2: Leaflet
filial attentiveness, tea that will make you shout, the best balm for your buck
Good morning! The first leaflet has fallen from the Beobab tree. It signifies a start of a new season (new moon tn!).
Here are some things I want to share with you.
Song/Poem Feature:
How to fall in love with your father by Ross Gay
*View in your browser to respect the poet’s line breaks, i.e. for added meaning
Put your hands beneath his armpits, bend your knees, wait for the clasp of his thinning arms; the best lock cheek to cheek. Move slow. Do not, right now, recall the shapes he traced yesterday on your back, moments before being wheeled to surgery. Do not pretend the anxious calligraphy of touch was sign beyond some unspeakable animal stammer. Do not go back further into the landscape of silence you both tended, with body and breath, until it nearly obscured all but the genetic gravity between you. And do not imagine wind now blowing that landscape into a river which spills into a sea. Because it doesn't. That's not this love poem. In this love poem the son trains himself on the task at hand, which is simple, which is, finally, the only task he has ever had, which is lifting the father to his feet.
From Against Which (Cavankerry Press, 2006).
Images



Recommended things
Dance (and I really do mean standing up to do so) to this fantastic performance by the Afrodija Social Club, directed by Sadie Woods, “her work focuses primarily on social movements, liberatory practices, cultural memory, and producing collaborations within communities of difference. She also deejays under the moniker Afrodjia, focusing on diasporic music and culture of the Americas and the Global South.” Alexander and Navid saw this performance live in Virgo season...imagine.
University of Illinois Chicago is doing a public health online course, “Epidemics of Injustice” that is open to the community(!!) through zoom lectures by guest speakers. I highly recommend the speaker series and their course site, which posts relevant and radical lit on the topic of race, health, and equity. Dr. David Stovall’s talk on Critical Race Theory is a great one to sit with. All the lectures are uploaded on their youtube channel. You can check out this trove of resources again & again whenever you’d like.

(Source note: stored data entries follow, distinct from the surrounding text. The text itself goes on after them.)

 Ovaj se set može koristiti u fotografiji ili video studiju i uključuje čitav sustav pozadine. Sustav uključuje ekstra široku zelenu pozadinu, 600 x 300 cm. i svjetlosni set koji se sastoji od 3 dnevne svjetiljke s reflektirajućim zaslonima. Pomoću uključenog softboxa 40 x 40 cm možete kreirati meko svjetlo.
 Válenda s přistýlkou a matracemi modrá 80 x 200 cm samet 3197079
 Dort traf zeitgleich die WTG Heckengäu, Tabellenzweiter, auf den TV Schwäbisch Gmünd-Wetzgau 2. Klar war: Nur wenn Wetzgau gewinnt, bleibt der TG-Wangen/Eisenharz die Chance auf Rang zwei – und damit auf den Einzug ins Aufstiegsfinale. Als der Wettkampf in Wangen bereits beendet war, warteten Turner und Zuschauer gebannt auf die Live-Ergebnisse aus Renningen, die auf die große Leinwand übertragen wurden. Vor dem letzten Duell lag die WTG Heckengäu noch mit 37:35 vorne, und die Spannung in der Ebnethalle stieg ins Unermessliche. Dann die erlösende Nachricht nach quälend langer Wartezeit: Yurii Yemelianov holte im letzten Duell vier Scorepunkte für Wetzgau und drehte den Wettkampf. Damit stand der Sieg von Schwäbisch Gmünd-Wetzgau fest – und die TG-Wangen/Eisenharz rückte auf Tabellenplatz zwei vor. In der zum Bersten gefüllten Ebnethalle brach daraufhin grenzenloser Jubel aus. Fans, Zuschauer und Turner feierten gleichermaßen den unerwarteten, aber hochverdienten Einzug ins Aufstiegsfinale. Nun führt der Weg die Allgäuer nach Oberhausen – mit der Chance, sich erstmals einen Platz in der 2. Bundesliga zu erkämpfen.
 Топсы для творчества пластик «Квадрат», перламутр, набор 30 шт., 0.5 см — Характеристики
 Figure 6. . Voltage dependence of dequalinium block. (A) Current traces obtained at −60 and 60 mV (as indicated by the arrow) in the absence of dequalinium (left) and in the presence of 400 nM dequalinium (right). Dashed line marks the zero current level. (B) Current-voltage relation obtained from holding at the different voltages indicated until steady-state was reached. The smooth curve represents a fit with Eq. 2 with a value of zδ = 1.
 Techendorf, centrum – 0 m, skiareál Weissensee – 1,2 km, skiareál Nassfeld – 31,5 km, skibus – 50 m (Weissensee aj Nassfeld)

Set up a big monitor or second screen next to your work laptop. Play this and revel in the imaginary of having an aquarium. Study/work/chill companions. #shrimplify
I KID YOU NOT. Somalians have achieved the perfect ratio of everything you could ever desire in a tea-drinking experience. Here is a recipe for Somali shaah. Please do yourself a flavor and brew! This, or journey to your closest Somali spot and pay patronage.
From the commonplace
“When I can’t kiss my Love, I put on Badger’s Tea Tree Lemon Balm Herbal Lip Balm!”
Anise candy fell into my food vocabulary this past month—it’s refreshing & very sweet.
Have you solved today’s quordle?
A Quote
A lot of people feel that you have to write for a specific existing audience, but the way that feels more promising to me, and the way I go into writing things, is writing for a potential audience. People you hope exist, as opposed to placating the people that you know exist.